To run python interactively, run the srun command for a normal bash interactive environment (for 1 CPU-core, 1 GB of memory, and 10 minutes in the computeq partition):

srun -t 00:10:00 --pty bash

Then just load the environment you want with module load, sourcing the virtual environment, or conda activate, for example:

module load python/3.8.7
python3 myScript.py

Remember to run the exit command when you are finished running your interactive environment.
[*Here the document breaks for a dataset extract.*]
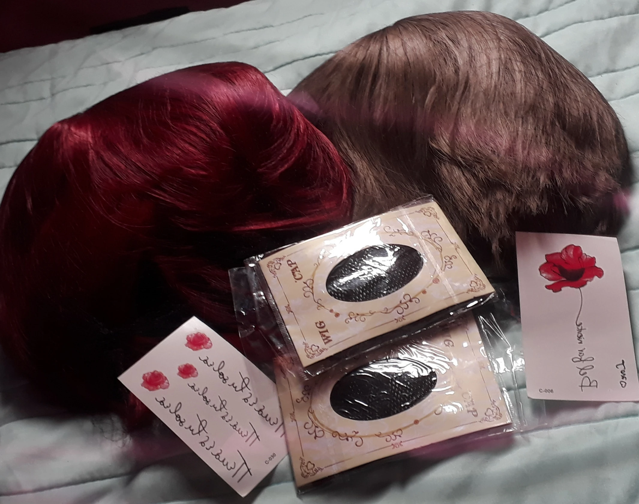 Мне очень понравился парик, цвет очень красивый, он не очень блестит, что хорошо. Единственная проблема, которая у меня есть, я думаю, это то, как это приклеено к волосам, на первый взгляд это не видно, но когда вы пытаетесь коснуться волос, вы можете заметить определенные неровности. Но это все равно мило!, мне очень понравился размер, я думаю, что вам не нужно его стилизовать, с хорошей прической все готово! Он пришел с сеткой для волос и некоторыми татуировками, он пришел быстрее, чем я думал.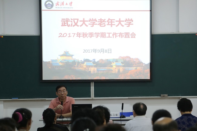 老年大学常务副校长张诗荣传达了第六次全省老年大学校长培训班暨全省老年大学校园文化建设经验交流会的精神,重点传达了省委老干部局局长马在学的讲话。并安排了秋季学期的主要工作和活动:一是认真学习贯彻党的十九大精神,开展庆祝党的十九大的系列活动;二是认真学习贯彻武大党字〔2017〕36号文件精神,全面加强老年大学建设;三是进一步贯彻落实国务院老年教育发展规划精神,制定出台老年大学实施意见;四是开展争先创优和“风范长者”的评选表彰活动;五是继续开展“手牵手”活动,筹建和成立“珞珈情”志愿服务团队;六是成立理论宣传组,进一步加强理论研究和宣传工作;七是做好申报全国高校老年大学示范校的准备工作。

Optionally, you can replace the bash command with the python or python3 command in srun to get an interactive python terminal (just remember to load your environment before running srun), for example:

module load python/3.8.7
srun -t 00:10:00 --pty python3

Note that during any interactive srun sessions, you may see messages such as "srun: job ###### queued and waiting for resources", and this indicates that the system is unable to allocate your job immediately. You can either reduce the resources your job uses (such as CPU-cores, memory, or time-limit) or you can just wait. The system will eventually run your job, but it really is just best to use the batch submission.

Jupyter Notebook

Using Jupyter Notebook on the cluster requires submitting a batch job using a script similar to this example script, and a terminal with X11 forwarding (such as MobaXTerm, "ssh -Y uuid@hpclogin.memphis.edu", or x2go). Once you are connected, submit the job using the sbatch command, for example:

sbatch jupyter-test.sh

Check that the job submitted with the squeue command, for example:

squeue -u $USER
#2147524  computeq jupyter- jspngler  R       1:45      1 c006

And then looking at the output of the slurm-jobid.out file using the cat command, for example:

cat jupyter-2147524.out 
#*** Starting Jupyter on:  c006

#[I 13:15:41.606 NotebookApp] Serving notebooks from local directory: /home/jspngler/python
#[I 13:15:41.606 NotebookApp] Jupyter Notebook 6.4.3 is running at:
#[I 13:15:41.606 NotebookApp] http://c006:8888/?token=ASDFASDFASDF
#[I 13:15:41.606 NotebookApp]  or
#[I 13:15:41.606 NotebookApp] Use Control-C to stop this server and shut down all kernels (twice to skip confirmation).
#[C 13:15:41.611 NotebookApp]
#    To access the notebook, open this file in a browser:
#        file:///home/jspngler/.local/share/jupyter/runtime/nbserver-100836-open.html
#    Or copy and paste one of these URLs:
#        http://c006:8888/?token=ASDFASDFASDF
#     or

Then open the suggested URL with either the firefox or chromium-browser commands, for example:

chromium-browser http://c006:8888/?token=ASDFASDFASDF

If you choose to exit the kernel or quit the notebook in the jupyter-notebook page, your job will quit. If you don't, you can repeat the firefox or chromium-browser command to reopen your notebook, assuming your job hasn't reached it's time-limit or memory limit (check using the squeue -u $USER command and the slurm-jobid.out file).

Input and Output

With interactive jobs and jupyter-notebook jobs, the output is straight forward (what you see is what you get, plus any files your script/program creates). For batch submission, you have the option of redirecting the standard output and standard error to separate files with the #SBATCH directives (use "%j" to avoid overwriting files without the same jobid):

#SBATCH --output="standardOutput-%j.out"
#SBATCH --error="standardError-%j.out"

If you have files output to standard windows paths, such as "c:\path\to\file" or "path\to\file", you should change the output to match the Linux standard directories using "/" instead of "\" and change "c:\" absolute paths to your own directories' paths like "${HOME}/path/to/file". Additionally, you will need to upload any files your script will open as input to the cluster.